UK funded research essential to get vaccines to the poorest in the world – wherever they are

Published on 19 January 2021

Populations around the world are placing their hope in vaccines as a way out of the Covid-19 pandemic, but even if lower-income countries can get the doses they need, vaccinating the hardest to reach is a complex challenge that needs to be evidence-informed to be successful.  With UK leadership and expertise in international development established over many years, vaccination is just one area of the pandemic where UK research has a key contribution to make. Worryingly, however, current and future international research is now under threat from government plans to significantly reduce the aid budget.

Vaccination programme

In any country – whether the UK or Uganda – a successful vaccination programme requires more than the logistics of supply and distribution; many social factors such as cultural and religious sensitivities and levels of trust in governments and health providers need to  be understood and addressed to ensure enough take-up the jab.  In some of the poorest places in the world, such as those suffering from conflict or the informal housing or slum settlements where more than one billion people globally live, these factors are even more complex, making it crucial that they are included within research on how to achieve effective vaccination at scale. The eventual scale may be global, but one size will not fit all in getting there.

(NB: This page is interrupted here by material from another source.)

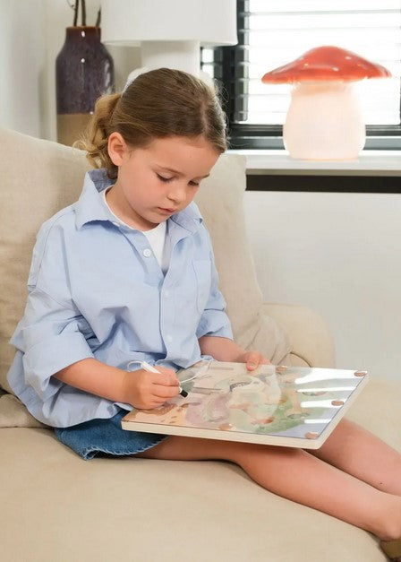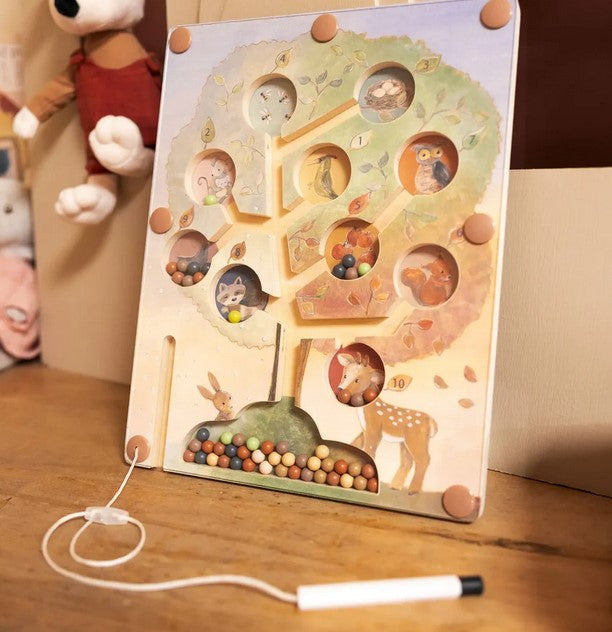 Guarda le piccole dita guidare coloratissime perline di legno attraverso i canali intrecciati dell’albero, con una magica bacchetta magnetica. Ogni tasca custodisce un diverso amico del bosco — cervo, gufo, volpe e coniglio — pronti ad accogliere le loro speciali perline in questa incantevole avventura labirintica.

Experience from low-income settlements demonstrates that evidence is vital to understanding what works best, where, how and why. This includes identifying the mix of local health providers, places and people that local community members feel safe to receive a vaccine in and from, combatting misinformation, and building trust. Understanding local histories, politics and institutions is crucial to designing strategies that are sensitive, inclusive and therefore effective, to informing vital dialogue with communities. And to ensuring that vaccine roll-out is not a one-off achievement but will also strengthen health systems for the long-term.

UK Aid investment

Global vaccine roll-outs are just one example of where development research has impact, demonstrating powerfully how important it is that the UK government should continue its commitment. Last year, 9% of bilateral UK Official Development Assistance (ODA) funding was attributed to research. That is the equivalent of just 27p* in government spending per week, per person in the UK for a year. This is a relatively small amount that at IDS we have seen repeatedly make a huge difference. For example, UK ODA research funding has built the case for climate action, reduced the threat of malaria, increased tax revenues in countries such as Rwanda, and helped bring an end to the 2014-16 Ebola outbreak through preventing disease transmission.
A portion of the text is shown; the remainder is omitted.